Aktenfälschung in der Generalstaatsanwaltschaft Frankfurt. A. Main von Hoffmann

>Wenn Staatsanwälten eine Akte nicht passt, reißen sie Seiten heraus und schreiben eigene Ergießungen ein, bis das drin steht, was jenen Staatsanwälten günstig erscheint. Das ist üblich, wird aber immer vertuscht. Erst als ein Justizangchöriger mit seinem persönlichen Anliegen wegen aktenlalschender Kollegen Schiffbruch erleidet, gibt es etwas Aufregung.

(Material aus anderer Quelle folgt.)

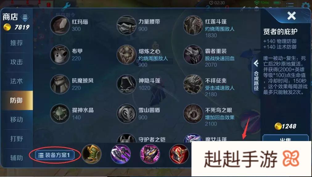 当玩家把常规装备都出完后,这时就可以先点一下复活甲,并且将装备方案切为方案2,这样才方便一会快速出售。当然,很多人可能不知道怎么切换方案,这里笔者也是把切换方案的位置圈出来
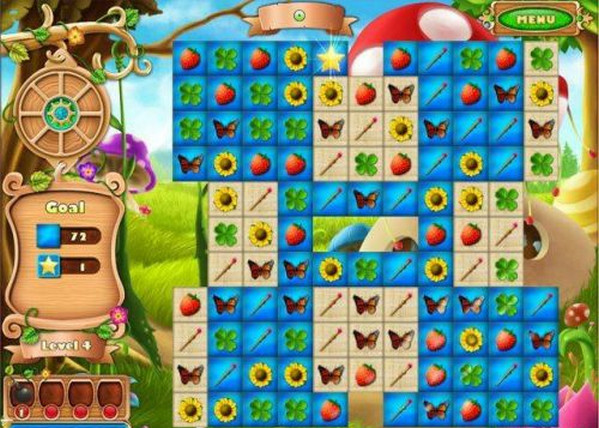 游戲的基本玩法和其它三消游戲沒什么不同,需要注意的是你必須滿足一定的條件才可以完成挑戰(zhàn)。在界面左側(cè)顯示了通關(guān)條件,比如讓一定數(shù)量的魔法星星到達(dá)屏幕下方,消除紅色的、藍(lán)色的方塊等等。
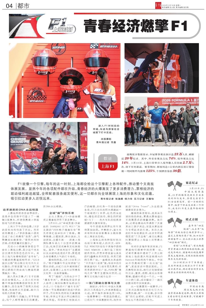 数说上海F1 前期统计数据显示,本届赛事观众预计达23万人次,刷新近20年纪录。其中,外省市观众占比74%,境外观众占比14%。3月13日,上海口岸单日入境外籍人员突破2.7万人次,创下历史新
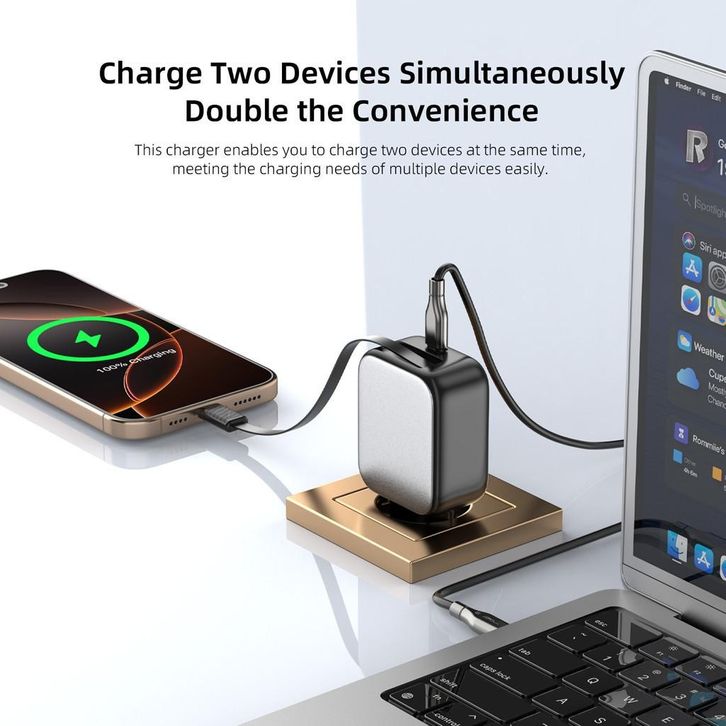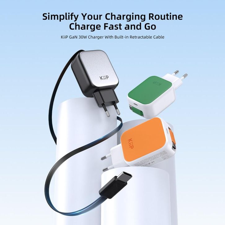KiiP C30T Kepala Charger GaN PD Fast Charging 30W Retractable Built In Cable Type C
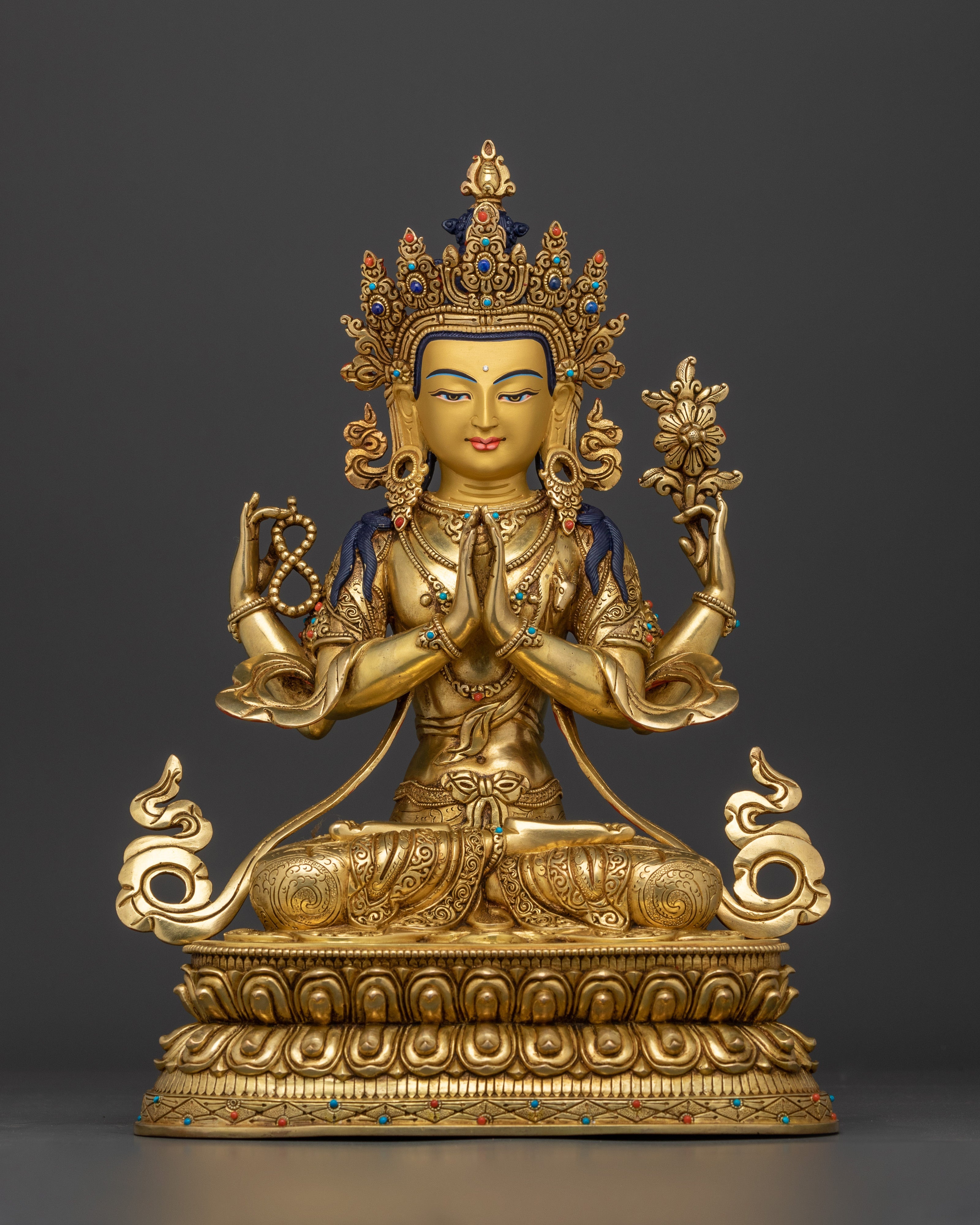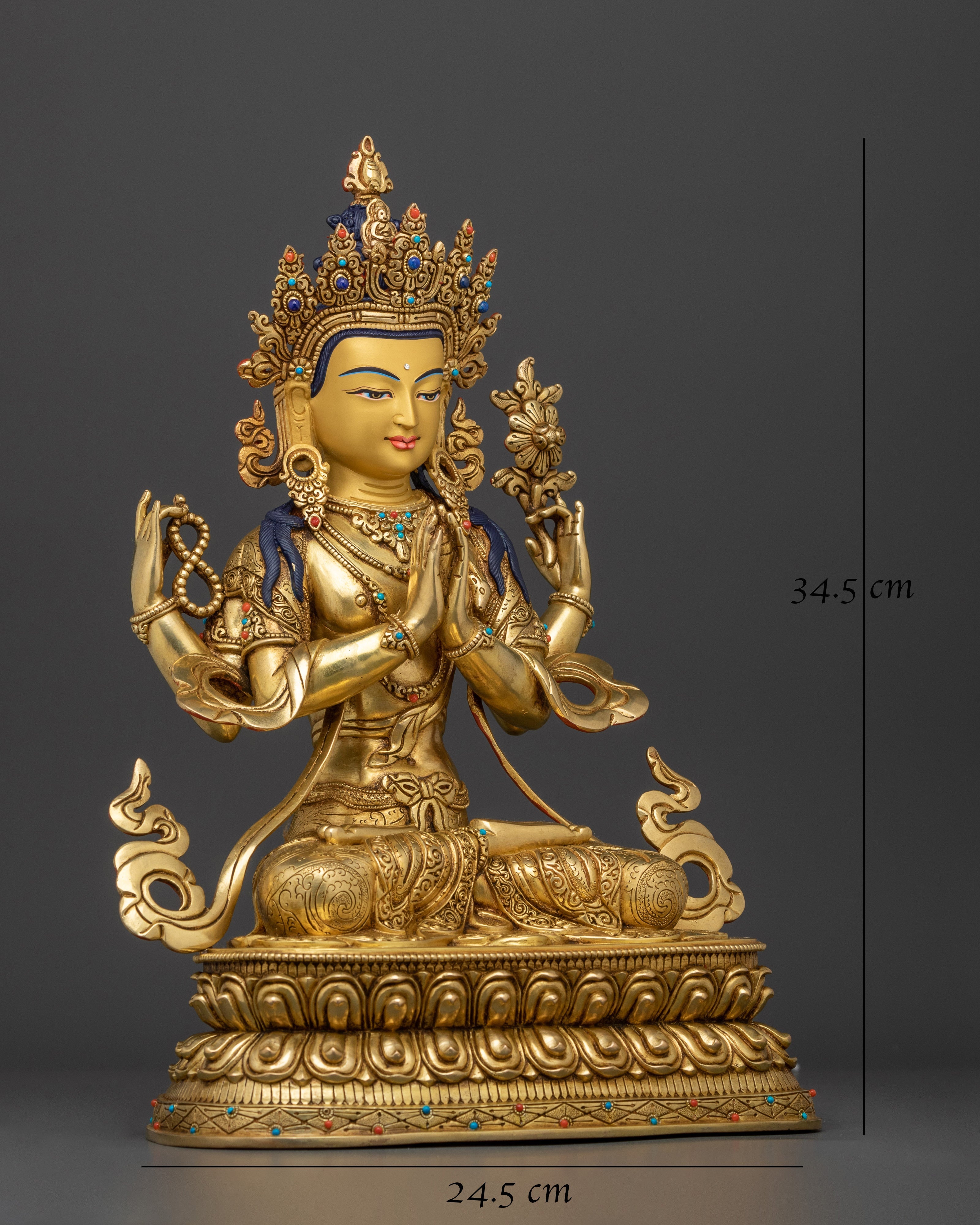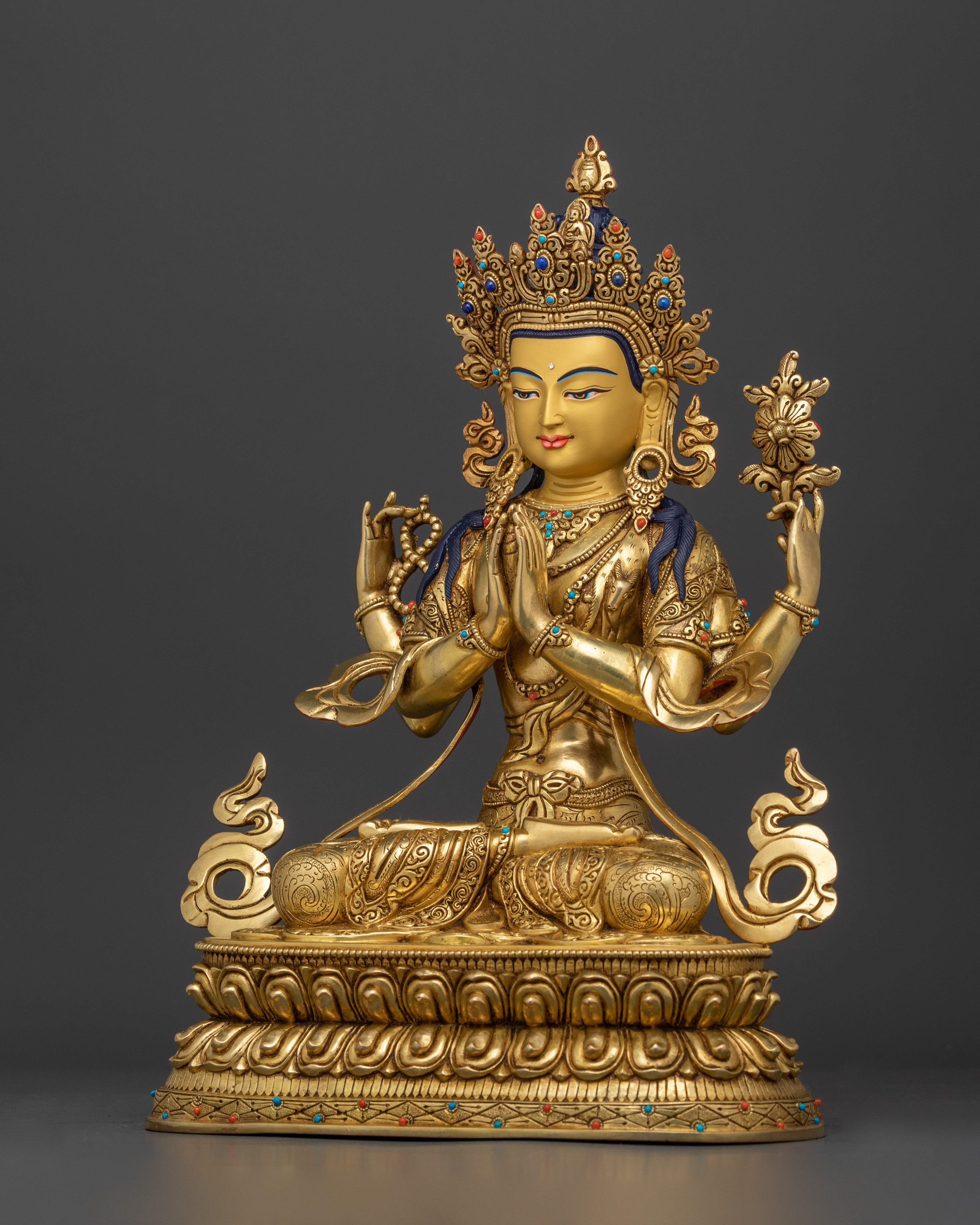 The Avalokita Chenrezig statue is a magnificent representation of the Bodhisattva of Compassion, delicately carved from copper and gilded with 24K gold, accented with elaborate gold and acrylic paintings and fine gemstone accents. Chenrezig, the four-armed deity, is known for his infinite compassion for all sentient beings. He carries a lotus flower, a mala (prayer beads), and a wish-fulfilling jewel, which represent wisdom, meditation, and unconditional love.

Der Vorsitzende Richter Friedhelm Damm am Landgericht Kassel zeigte zwei Rechtsanwälte an, sie hätten ihn genötigt. Staatsanwaltschaft, Generalstaatsanwaltschaft und Oberlandesgericht, alle in Frankfurt, hatten jedoch keine Lust sich an einem vieljährigen Prozess zu beteiligen. Sie stellten das Verfahren ein.

Daraufhin – 2001 – nimmt Richter Damm Einsicht in die Ermittlungsakte. Damm stellt fest, dass die Generalstaatsanwaltschaft seinen Schriftsatz entfernt und durch eigene Kommentare ersetzt hat. Der Leiter der Beschwerdeabteilung in der Generalstaatsanwaltschaft hatte einem untergebenen Staatsanwalt befohlen die Akte zu manipulieren.

Die Strafanzeige des Kasselaner Richters bei der Staatsanwaltschaft Frankfurt gegen die zwei Staatsanwälte der Generalstaatsanwaltschaft Frankfurt wird abgewimmelt. Objektiv sei zwar der Tatbestand der Urkundenfälschung erfüllt, doch die zwei Staatsanwälte hätten in bester Absicht gefälscht.
Genau das ist der Standardtrick: Wenn Straftaten von Juristen nicht mehr zu leugnen sind, behaupten ihre Kollegen, jene hätten ohne Vorsatz gehandelt.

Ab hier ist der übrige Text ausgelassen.